Palavras-chave: lavagem de dinheiro, crime anterior, rol taxativo, gerações.
1. INTRODUÇÃO
O crime de lavagem de dinheiro, também conhecido como crime de lavagem de capital ou branqueamento de capitais, vias gerais, consiste na conduta de transformar (utilizando-se de uma atividade revestida de aparente legalidade) em valores lícitos a vantagem auferida com a prática de alguma infração penal.
Portanto, a fim de caracterizar-se o delito em comento é imprescindível a ocorrência de um crime anterior, cujo produto obtido a partir da sua prática será objeto material do ilícito de lavagem. Sob esse aspecto diz-se que o crime de lavagem de dinheiro é um crime “remetido”, já que as sua prática pressupõe a existência de fato criminoso anterior[1]. Nesse sentido, Carlo Masi salienta que:
Não é exigida a prova cabal dos delitos antecedentes (sentença penal condenatória com trânsito em julgado), bastando apenas indícios de suas práticas para que se complete a sua tipicidade. São puníveis os fatos previstos em lei, ainda que desconhecido ou isento de pena o autor do crime precedente cometido no Brasil ou no exterior (art. 2º, §1° da Lei n° 9613/98) [2].
A fim de corroborar o que foi dito insta trazer à colação recente julgado do Superior Tribunal de Justiça sobre o assunto. In verbis:
RECURSO ORDINÁRIO EM HABEAS CORPUS. "OPERAÇÃO CURAÇAO". CRIMES CONTRA O SISTEMA FINANCEIRO NACIONAL (ARTS. 4.º E 16, C.C. O ART. 1.º; E ART. 22, CAPUT E PARÁGRAFO ÚNICO, TODOS DA LEI N.º 7.492/86) E LAVAGEM DE DINHEIRO (ART. 1.º, INCISO VI, DA LEI N.º 9.613/98). ALEGADA ATIPICIDADE DA CONDUTA. PRETENSÃO DE TRANCAMENTO DA AÇÃO PENAL. IMPOSSIBILIDADE. RECURSO DESPROVIDO.
1. A detalhada narrativa acusatória descreve, com clareza meridiana, a realização de operações financeiras de câmbio ilegal - o chamado "dólar cabo" - por meio da utilização de conta em nome de "laranja" no First International Curaçao Bank. E, se tais operações financeiras foram mesmo realizadas conforme a denúncia - e essa apuração caberá às instâncias ordinárias -, em princípio, o foram "sem a devida autorização", porquanto promovidas à margem da lei. Não se verifica, pois, a suposta atipicidade da conduta capitulada no art. 16, cc. o art. 1º, da Lei n.º 7.492/86.
2. A teor do inciso II do parágrafo único do art. 1.º da Lei n.º 7.492/86, equipara-se à instituição financeira "a pessoa natural que exerça quaisquer das atividades referidas neste artigo, ainda que de forma eventual", situação que, em tese, se enquadra o acusado.

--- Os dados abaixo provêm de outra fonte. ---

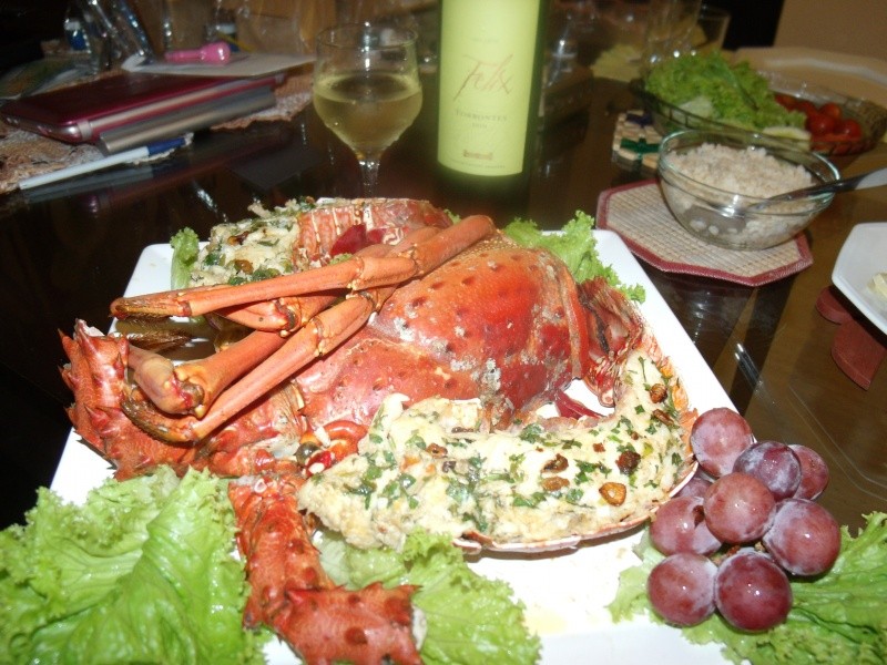 Esta lagosta enorme, veio de Alagoas pra São Paulo, ocupando sozinha um isopor! Pesava mais de 4 k e deu trabalho para ser partida ao meio. Tivemos que pedir emprestado uma panela grande para cozinhá-la. Observem a foto, quase não cabia na pia! Coloquei um garfo ao lado para vocês terem uma ideia do tamanho dela. A receita pode ser feita com lagostas menores, o importante é o molho a ser utilizado. Aqui, fiz um molho simples e muito gostoso. Degustamos acompanhada de um maravilhoso vinho branco, que o meu genro ganhou de presente de aniversário. Delícia de jantar!

Não procede a alegada atipicidade da conduta capitulada no art. 4.º da Lei n.º 7.492/86.
3. A constatação tanto da arguida inexistência do elemento subjetivo - "fim de promover evasão de divisas do País" -, quanto a suposta ausência do elemento objetivo - remessa de valores do Brasil para o exterior -, são questões controvertidas insuscetíveis de serem deslindadas na estreita via do habeas corpus por demandar aprofundamento e análise da prova. E, no mesmo diapasão, esbarra na necessidade de dilação probatória a alegada "falta do elemento normativo 'sem autorização legal'", na medida em que, como está cristalino na denúncia, as transações teriam sido feitas à margem da lei. Não prospera a alegada atipicidade da conduta inserta no art. 22, caput e parágrafo único, da Lei n.º 7.492/86.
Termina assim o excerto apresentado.